• What you need to do:
Every line of the listing below should come back exactly as written, with no images.

• Raw data:

○ ○ ○

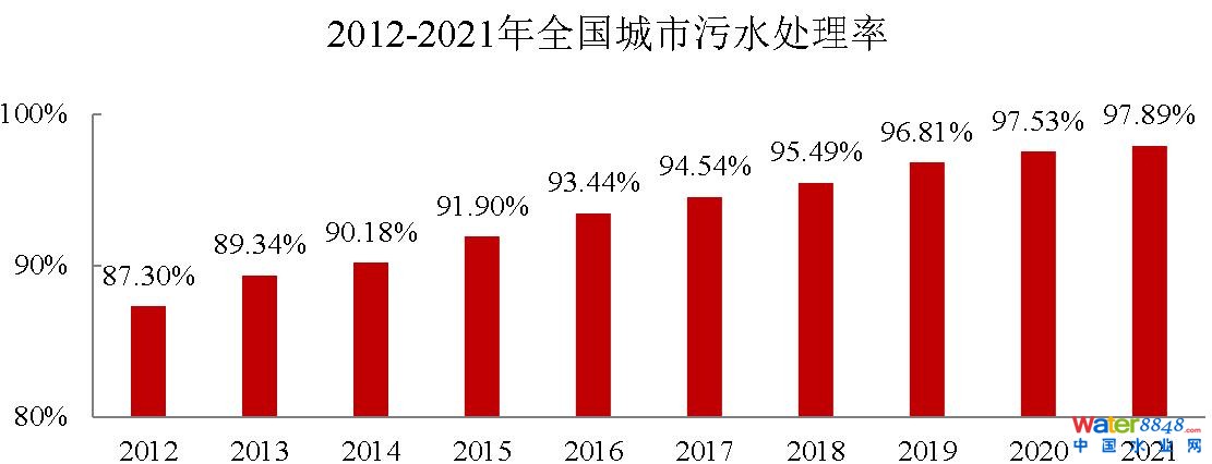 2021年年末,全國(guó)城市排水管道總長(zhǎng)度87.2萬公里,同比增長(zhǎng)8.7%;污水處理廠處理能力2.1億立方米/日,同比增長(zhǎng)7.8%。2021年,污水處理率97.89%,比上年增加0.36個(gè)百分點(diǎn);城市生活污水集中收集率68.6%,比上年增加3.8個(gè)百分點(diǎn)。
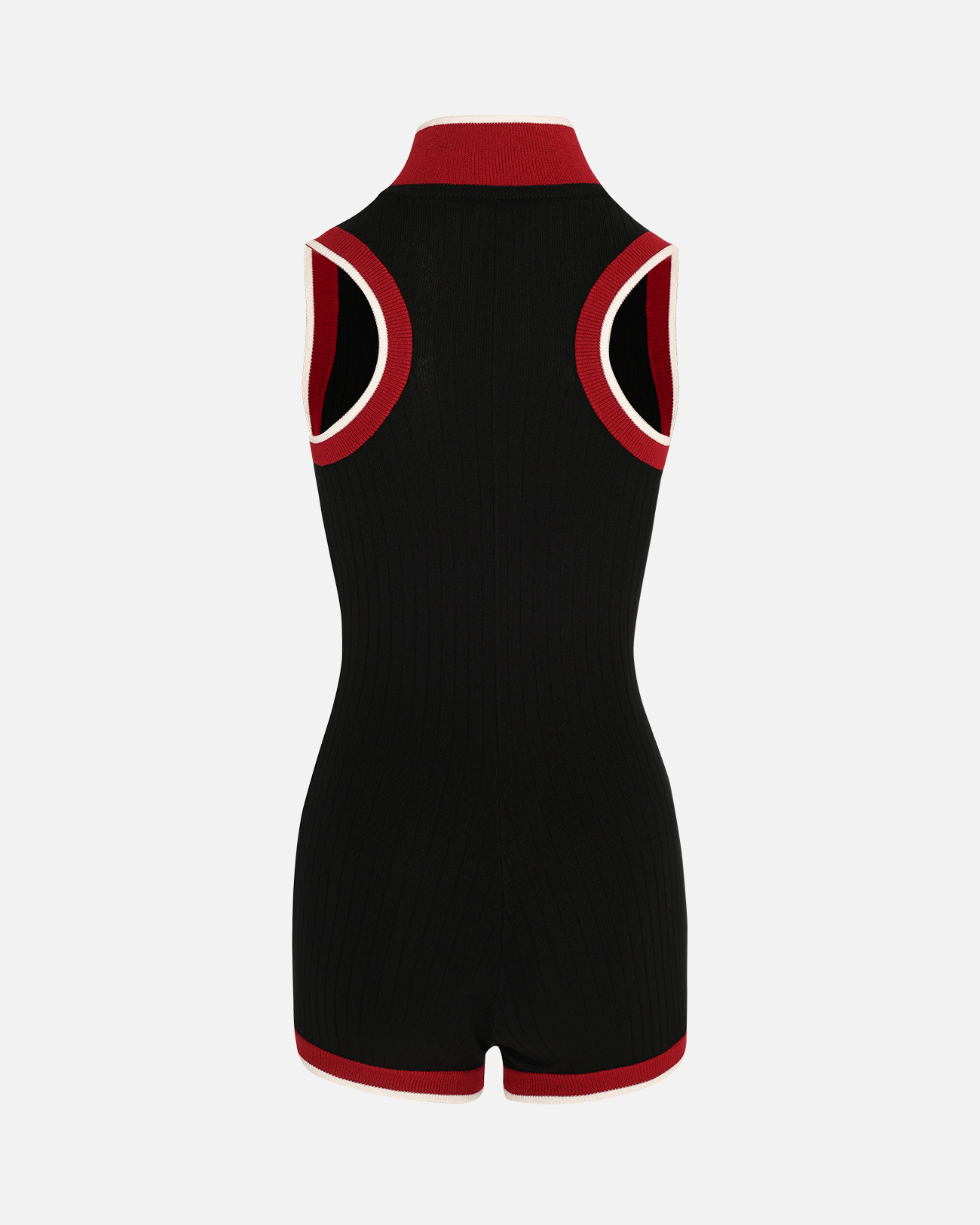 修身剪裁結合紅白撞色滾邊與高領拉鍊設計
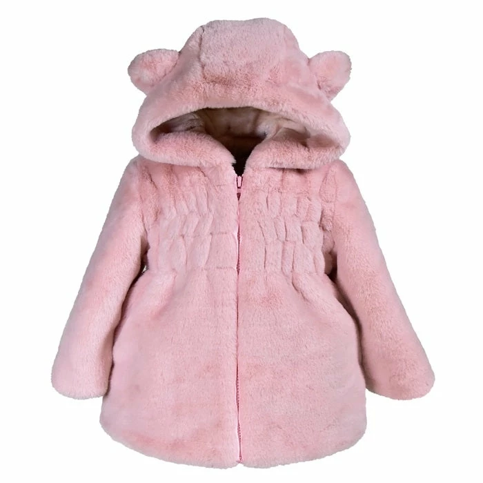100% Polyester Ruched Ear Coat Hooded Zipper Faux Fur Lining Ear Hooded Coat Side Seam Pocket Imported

○ ○ ○

• Written answer:
 2021年年末,全國(guó)城市排水管道總長(zhǎng)度87.2萬公里,同比增長(zhǎng)8.7%;污水處理廠處理能力2.1億立方米/日,同比增長(zhǎng)7.8%。2021年,污水處理率97.89%,比上年增加0.36個(gè)百分點(diǎn);城市生活污水集中收集率68.6%,比上年增加3.8個(gè)百分點(diǎn)。
 修身剪裁結合紅白撞色滾邊與高領拉鍊設計
100% Polyester Ruched Ear Coat Hooded Zipper Faux Fur Lining Ear Hooded Coat Side Seam Pocket Imported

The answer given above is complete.